We can calculate a net sentiment ratio as the positive minus negative divided by the sum of all tweets. This shows in stark terms how the balance of sentiment is worse for the United States than the other regions we are looking at. Further, both while both Russia and China are viewed negatively, on balance, they are viewed less poorly than both the USA and Europe.

tokens |> 
  pivot_wider(names_from = "sentiment",values_from = "n") |> 
  mutate(net_sentiment_ratio = (positive - negative)/(positive+negative+neutral)) |> 
  ggplot(aes(Area,net_sentiment_ratio)) + geom_col(fill = yellow1) + 
  geom_hline(yintercept = 0) + 
  theme_afri() + 
  labs(y = "Net Sentiment Ratio",
       title = "Not A Good Look For the USA",
       subtitle = "Net Sentiment of Tweets from Africa Mentioning a Northern Area or Africa",
       caption = "Source: Afrisenti Data Set")

Conclusion

While I think these results are truly interesting, please don’t read too much into them. This is not a carefully designed social science research project. The results do align with our intuition gleaned from recent news about the “Global South” vs. the “Global North.” Given that this data set spans roughly ten years, this tension is not a new phenomenon.

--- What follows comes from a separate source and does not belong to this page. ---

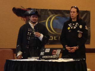 Apparently, someone told this group that CarolinaCon was a costume party. The pirate and the doctor win the prize for best costumes. But pay closer attention. These guys are smart — they have scoured the internet for cool mesh networking tools, and they have packaged them into a LiveCD distro called “Byzantium”. Imagine a disaster or political unrest scenario, where you would like to mesh together a group of users and share an internet connection. Keep an eye on this fledgling project. - 3:00pm – Hacking as an Act of War (G. Mark Hardy)

The Afrisenti data set is a fascinating corpus and there are many more explorations we might do in it. As I write, it looks like Twitter is going to put its academic API behind a paywall. This is quite sad and will stifle the kind of important explorations serious researchers are able to do, not to mention curious amateurs like us.

References

Muhammad, Shamsuddeen Hassan, Idris Abdulmumin, Abinew Ali Ayele, Nedjma Ousidhoum, David Ifeoluwa Adelani, Seid Muhie Yimam, Ibrahim Sa’id Ahmad, et al. 2023. “AfriSenti: A Twitter Sentiment Analysis Benchmark for African Languages.” https://doi.org/10.48550/ARXIV.2302.08956.